A few years ago I was reading a book in which there were various descriptions of the mad physical endurance events that the Victorians used to entertain themselves with. Matthew Webb, the first man to swim the English Channel, ignominiously faded to a side show swimming in a tank on a stage with other 'competiters' to see who could outlast one another - last man standing (or swimming). I remember reading, amongst these stories, about an athlete who vowed to run 1 mile an hour for 100 hours. There was huge public and press interest, and the man eventually did run a mile an hour for 100 hours, finishing in a sorry state but triumphant. At the time I read it the story of the runner fascinated me. At face value, running a mile an hour does not seem very hard. But add up the hours, the sleep deprivation, the mind numbing boredom of it all... it sounded pretty tough to me. Tough and pedantic. And something about the symmetry, the repetition - that little metronomic athlete appealed to me very much. It stayed with me...
Until at the beginning of this year Cam, a swimmer in my swimming club, forwarded an email to our group about a swim being organised in Guildford Lido at the end of April 2011. 'Swim a mile an hour for 24 hours' it challenged!
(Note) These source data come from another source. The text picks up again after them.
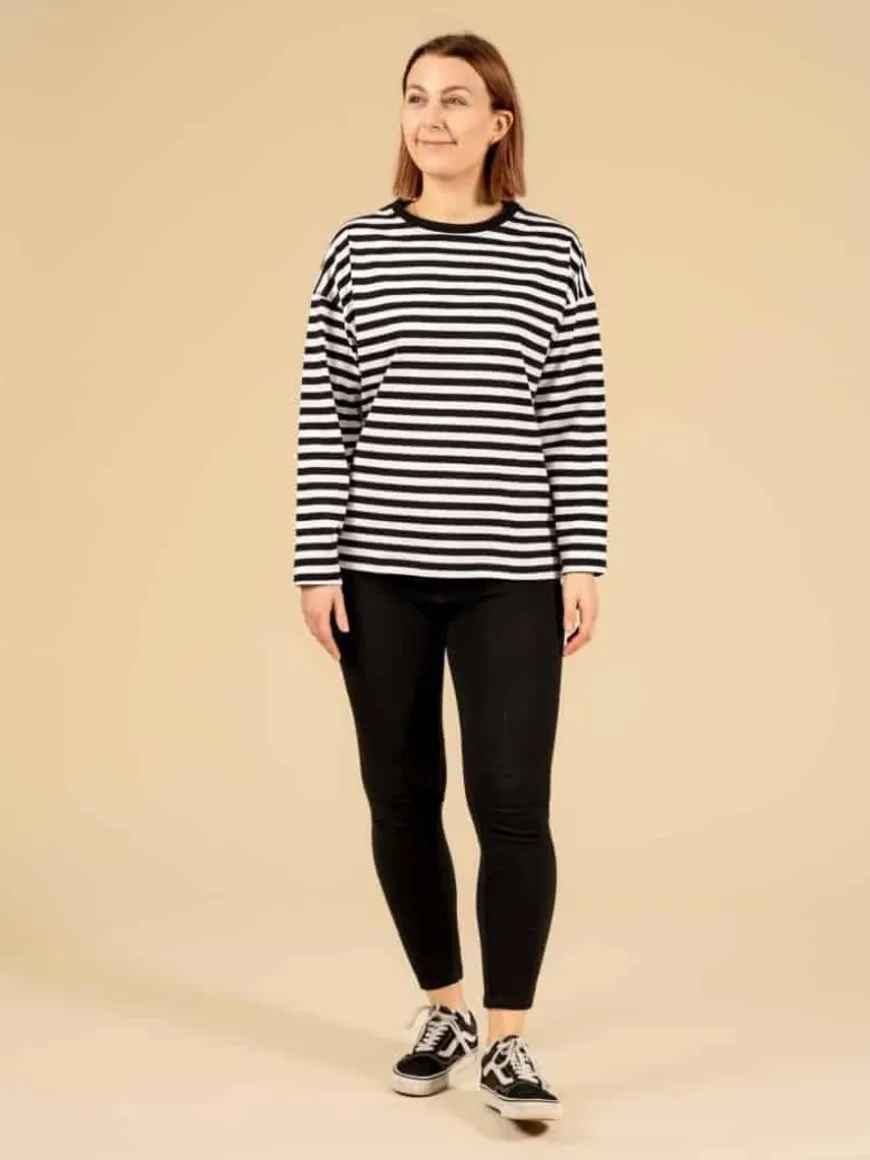 Riva Clothing -Merkin Raidallinen Muisto Pitkähihainen.Rivan Rakastettu Mustavalkoraidallinen Pitkähihainen On Täydellinen Lisä Jokaiseen Vaatekaappiin 3Tämä Unisex Pitkähihainen On Täydellisen Rento Malli. Klassinen Mustavalkoinen Raitapaita On Helppo Yhdistellä Eri Asuihin! Istuvuus On Rento Ja Helma On Normaalin Mittainen Ja Suora. Malli On Sama Kuin T-Paidoissa Ja Olkapäät Ovat Lasketut. Tämän Ansiosta Paita Sopii Hyvin Kaiken Kokoisille Hartioille. Kainaloihin On Jätetty Tilaa, Jotta Kainalot Eivät Kinnaa Ja Hiosta. Malli On Unisex.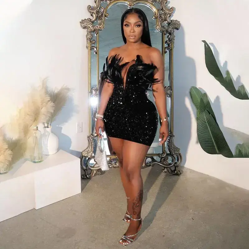 Sequin Deep V-Neck Strapless Feather Bodycon Short Dress Casual Womenswear Formal Basic Elegant Slit Hem Black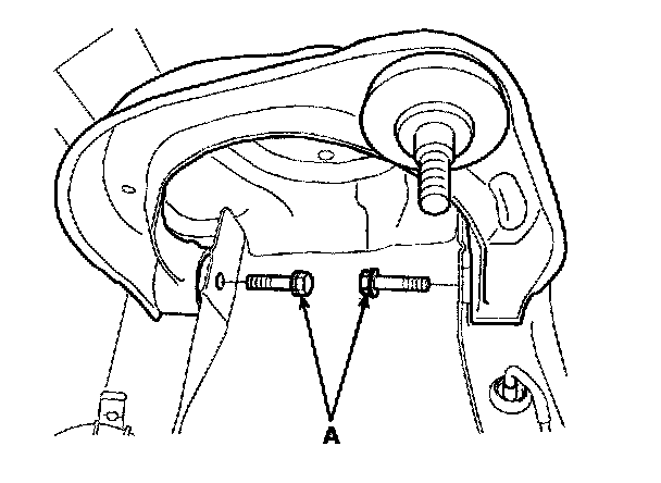 6. Remove the two upper arm mounting bolts (A) from the body.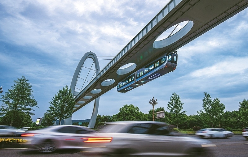 列車懸掛在軌道下方,從人們頭頂飛馳而過(guò),這樣的科幻場(chǎng)景,最近在武漢東湖新技術(shù)開(kāi)發(fā)區(qū)成了現(xiàn)實(shí)。圖為2023年5月9日,武漢“光谷光子號(hào)”空軌列車在綜合聯(lián)調(diào)和試運(yùn)行中。 新華社記者 肖藝九/攝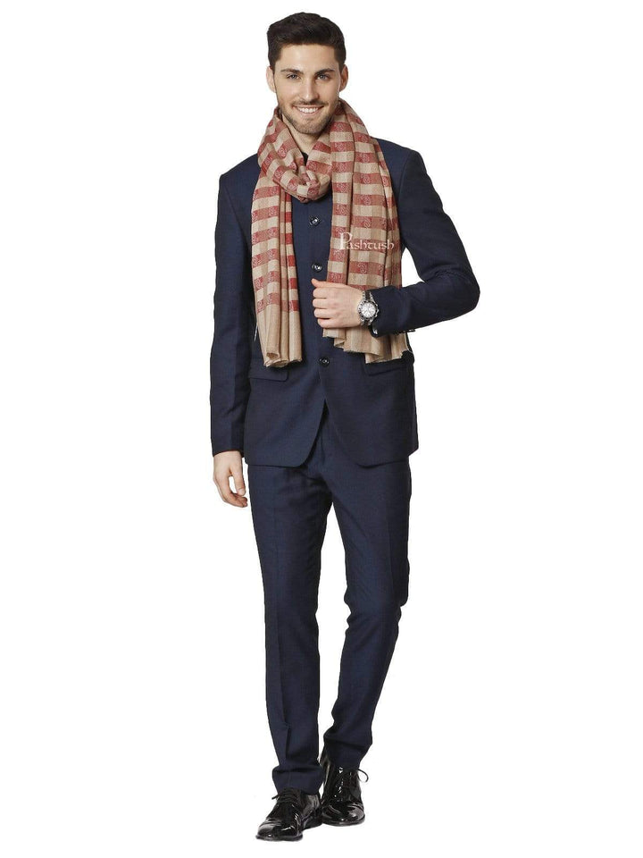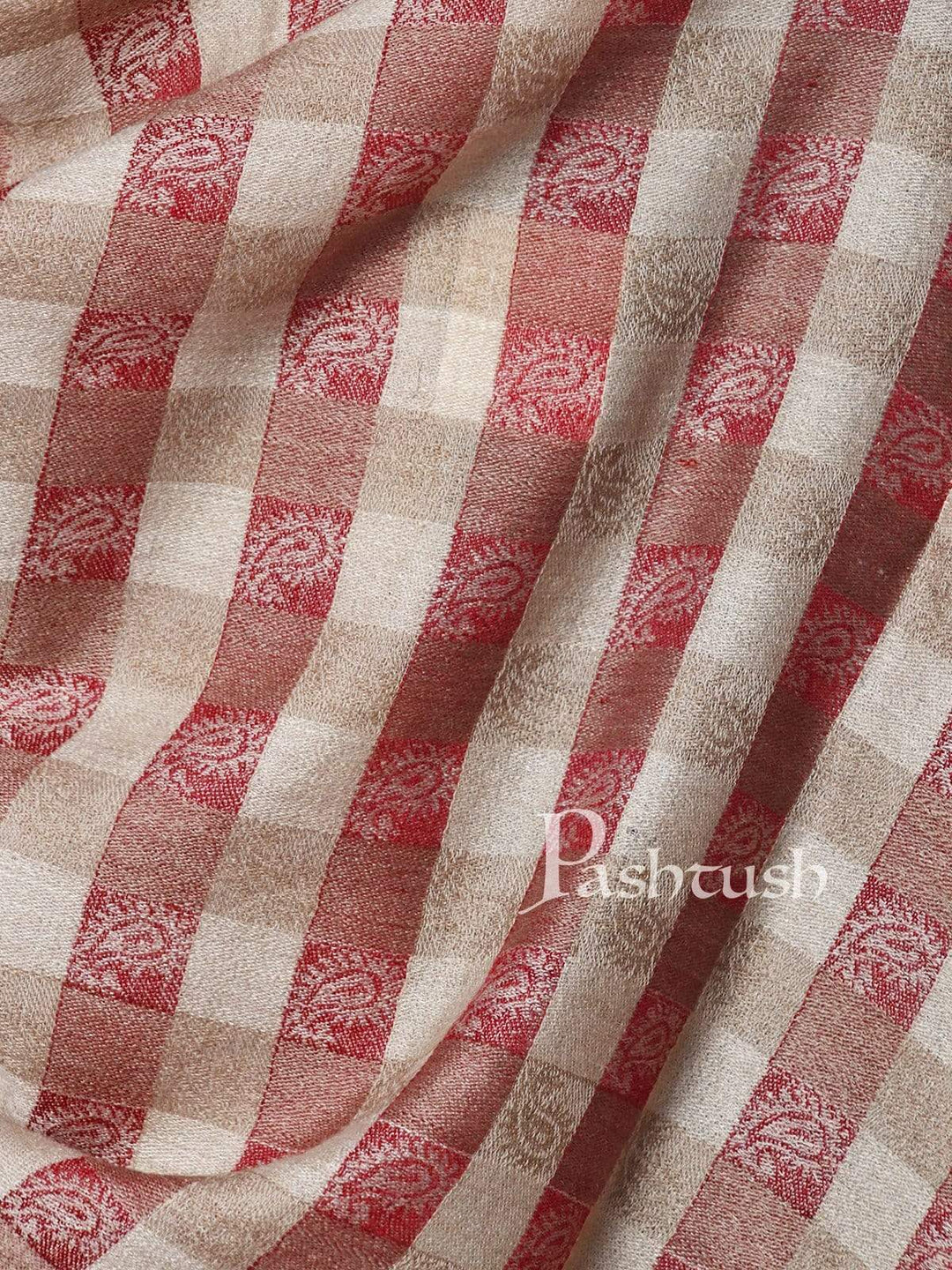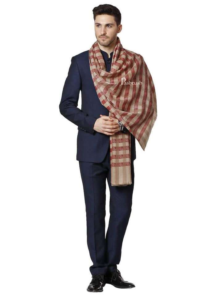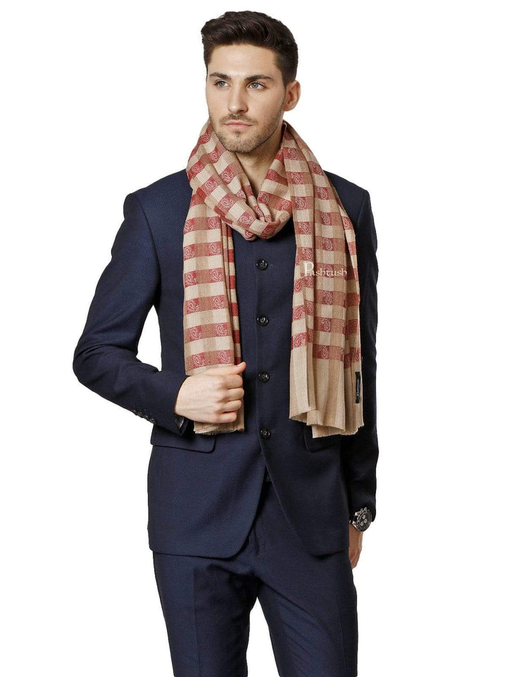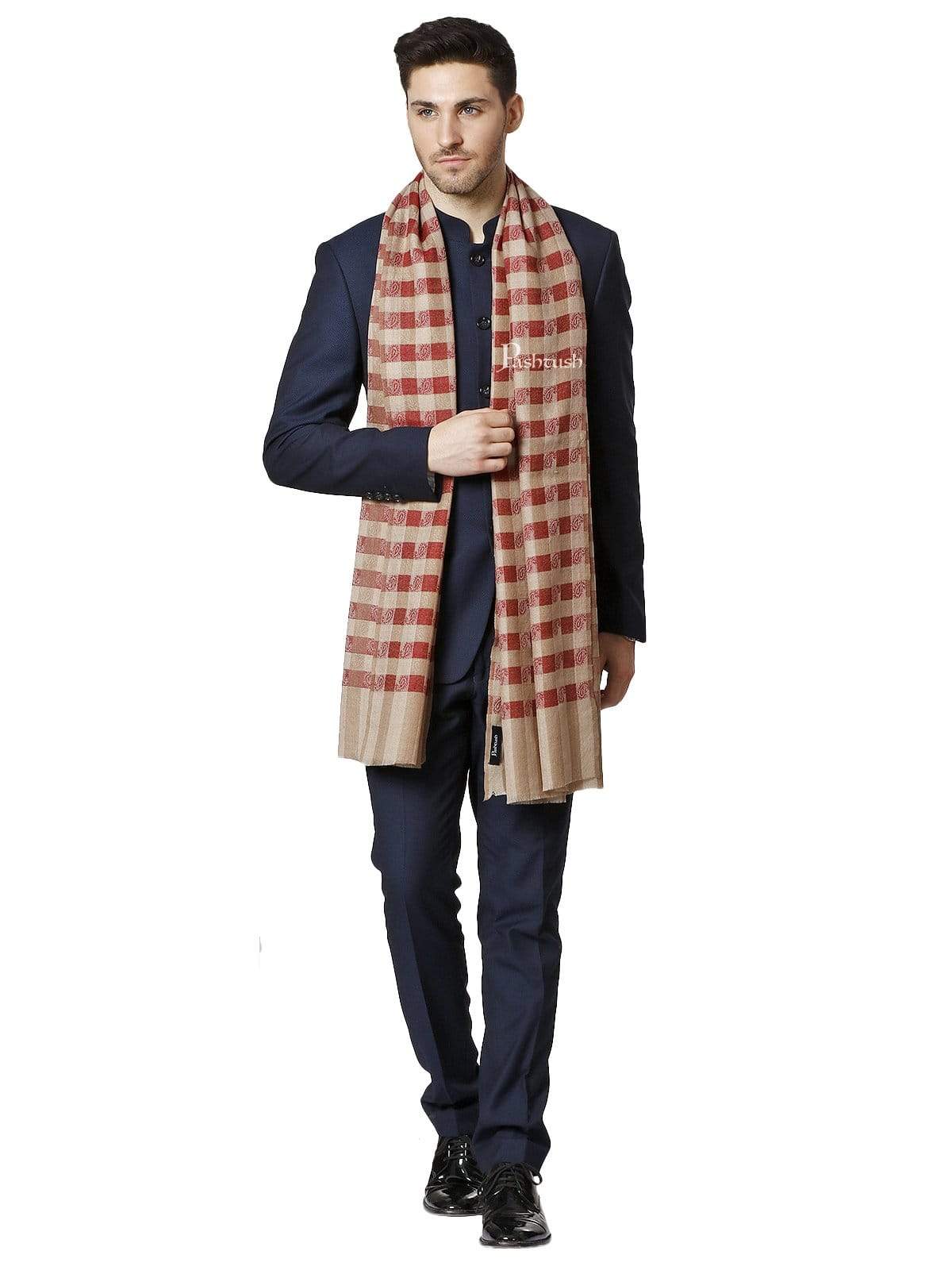 Pashtush Mens Fine Wool Checkered Stole, Crimson And Beige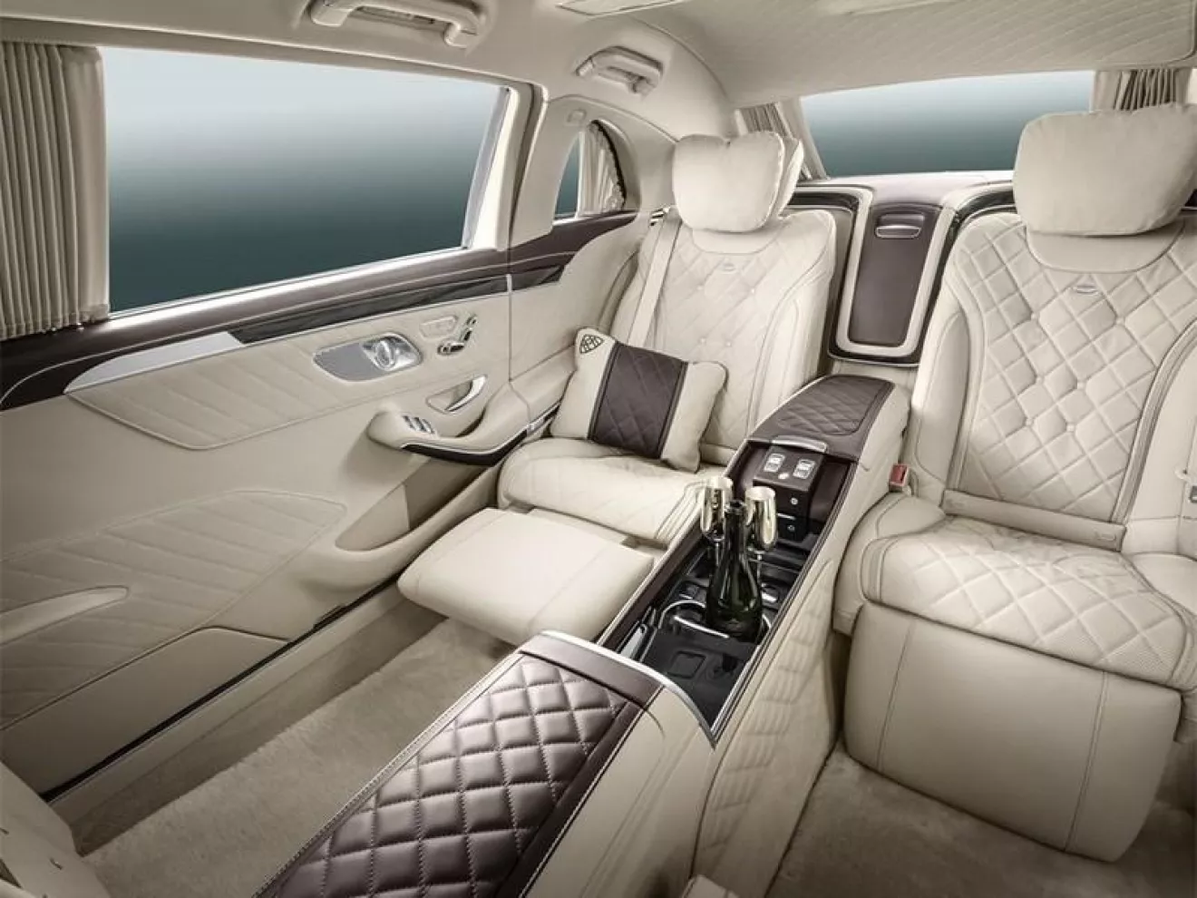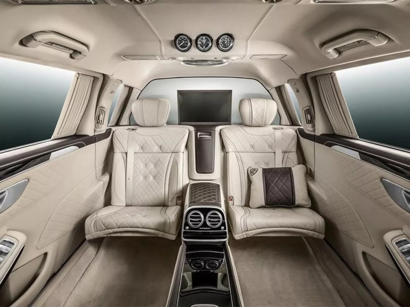 Mercedes-Maybach S600 Pullman оснащается фирменным V12 мощностью 530 сил. Но в данном случае важна не мощность и технические характеристики, а салон автомобиля. Именно он позволяет владельцу абстрагироваться от бытия, окружить себе роскошью даже в условиях передвижения по грязным улицам и закрыться от завистливых взглядов обычных смертных. В помощь – электрические шторки и перегородка, отделяющая пассажира(ов) от водителя.По умолчанию Pullman предлагается с двумя диванами, установленными друг напротив друга. По желанию заказчика диван может быть и один, чтобы можно было вольготно разлечься. Сиденья имеют функции массажа, подогрев и охлаждения. Кроме того, их можно откинуть на 43,5°.Для расслабления также предусмотрены бар и Hi-End аудиосистема Burmester с эффектом «объемного» звучания. В оформлении интерьера, конечно же, используются только натуральные и самые дорогие материалы.

Nobody in our group thought it a very good idea (and who can blame them) but I was hooked straight away. I'd stumbled across a watery version of my Victorian man's 100 mile challenge...
I signed up.
The idea is that participants swim one mile per hour, on the hour for twenty four hours in a pool. Most people I tell that I am doing this swim say 'How can you possibly stay awake for 24 hours?!' which seems the most banal question to ask. Yes, but it's 24 miles of swimming - and whichever way you look at it - that's quite a number of miles.
So... there aren't waves, and it won't be cold. There are no tides to fight. But it will be mind numbingly boring, and it won't be quite as buoyant as in the sea. And there won't be any great scenery. There won't be ferries. There won't be blooming jellyfish or tides. There will be counting and pool tiles and other swimmers with to jostle and overtake or be overtaken by. Chlorine. And there will be 24 miles. That's quite a lot.
I figured that this swim will be good 'early season' training. Get my arse into gear for open water training later on in the year (and a lake Zurich 2 person relay). And boy has it been. I'm very very nervous. Training is going OK but that is another story.